В конце 1847 года, в то время как в «Отечественных записках» появилась «Хозяйка», Достоевский выпустил отдельным изданием «Бедных людей».
В ближайшем номере «Современника» Белинский отозвался на появление этой книги коротенькой заметкой. «„Бедные люди“, — писал он, — доставили своему автору громкую известность, подали высокое понятие о его таланте и возбудили большие надежды — увы! — до сих пор не сбывшиеся. Это, однако ж, не мешает „Бедным людям“ быть одним из замечательных произведений русской литературы».
О первом романе Достоевского критик своего мнения не изменил. Зато изменил мнение об его авторе. И быть может, больше всего на свете молодому писателю хотелось разубедить Белинского, привести к мысли, что он, Федор Достоевский, еще достигнет высот искусства. Следом за «Хозяйкой» в «Отечественных записках» появился рассказ «Чужая жена», тотчас же за рассказом — небольшая повесть «Слабое сердце». Здесь уж автор не позволял себе увлекаться фигурами исключительными, необыкновенными, фантастическими. Открытую им странность окружающей жизни он старался представить в картинах внешне обыденных, не гоняясь за эффектами. И с надеждой ждал, что скажет Белинский… Но критик молчал. Он точно бы не заметил ни рассказа, ни повести.
— Ничего, ничего, Виссарион Григорьевич, отмалчивайтесь, — не раз повторял Достоевский, сидя вечерами у доктора Яновского, — придет время — и вы заговорите!

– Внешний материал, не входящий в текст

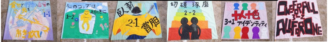
学級旗デザイン 1-1 石田 1-2 山下 2-1 天野 2-2 久保 3-1 高岡 3-2 寺口
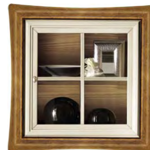
Proposta Proposal 110 Anta Door Bianco cerato Cornice Frame Noce Scocca Structure Bianco cerato Schienale Back Noce
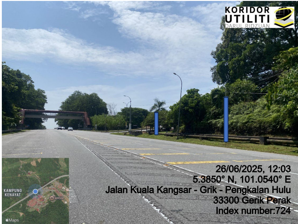
LOKASI DI JALAN KUALA KANGSAR – GRIK – PENGKALAN HULU
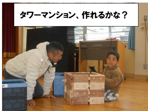
タワーマンション、作れるかな？
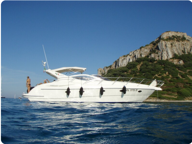
Gobbi 425 esterno (1)
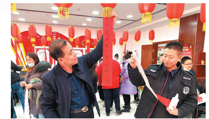
红山区铁南社区组织辖区党员和居民开展“巧手剪庆元宵”暨党群群灯灯谜主题活动。
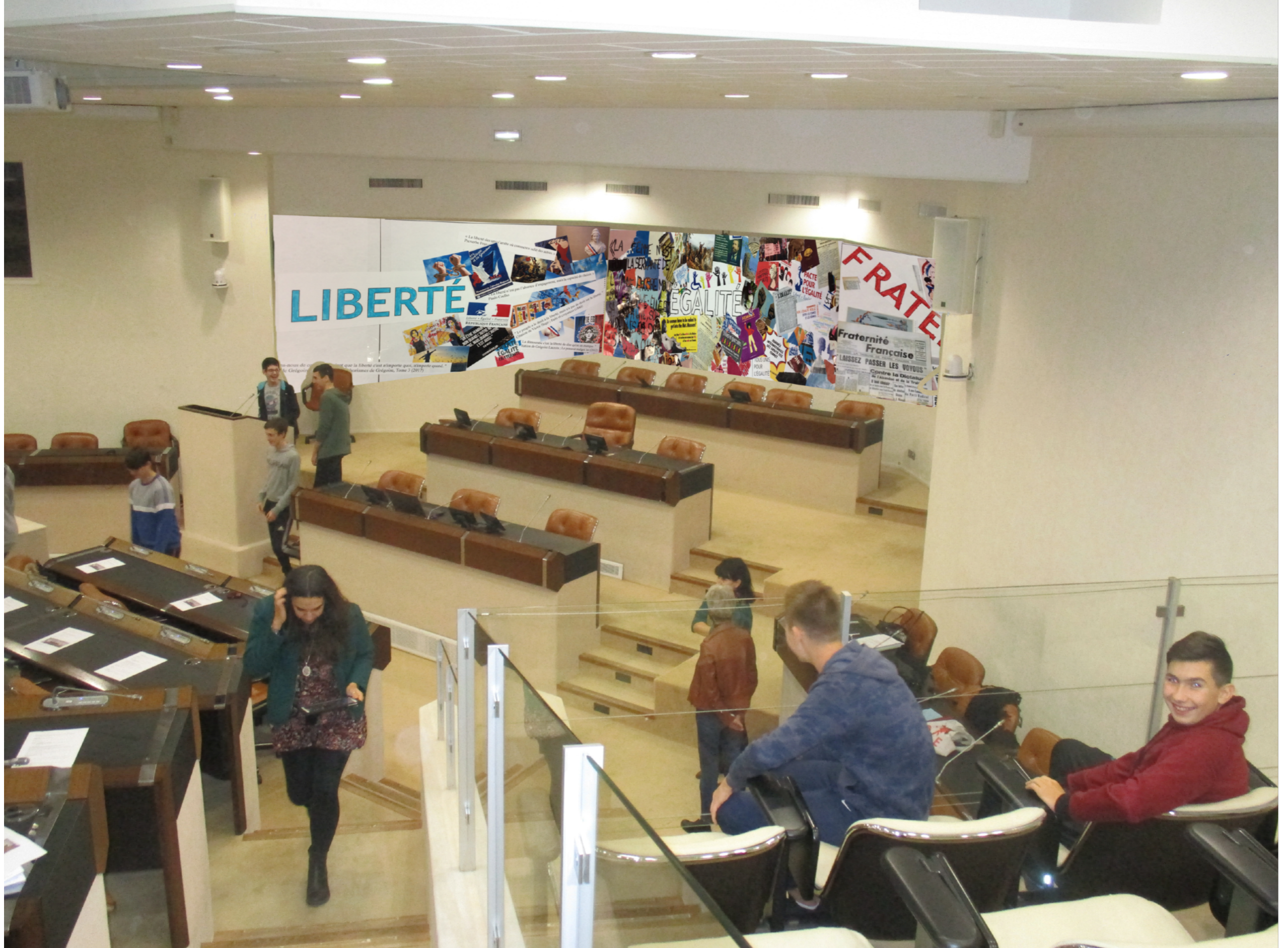
NOTRE PROPOSITION : entrée en haut à droite

Он писал теперь еще два новых рассказа, задумал повесть и заканчивал роман «Неточка Незванова». Он намерен был выиграть спор, затеянный им «со всей русской литературой, журналами и критиками», — прежде всего с Белинским. Он надеялся, что разочарование сменят новые восторги… И вдруг узнал: Белинский безнадежен, уже не встает. И еще: на квартиру к Белинскому явился жандарм из тайной полиции — III отделения. «Хозяин русской литературы», генерал Дубельт, требует критика к себе.
Образ мыслей Белинского давно уже раздражал и настораживал правительство, а теперь… Быть может, полиция перехватила один из списков его письма к Гоголю, что ходили в публике? Это было не частное письмо. Это было гневное обличение российских порядков и призыв их уничтожить.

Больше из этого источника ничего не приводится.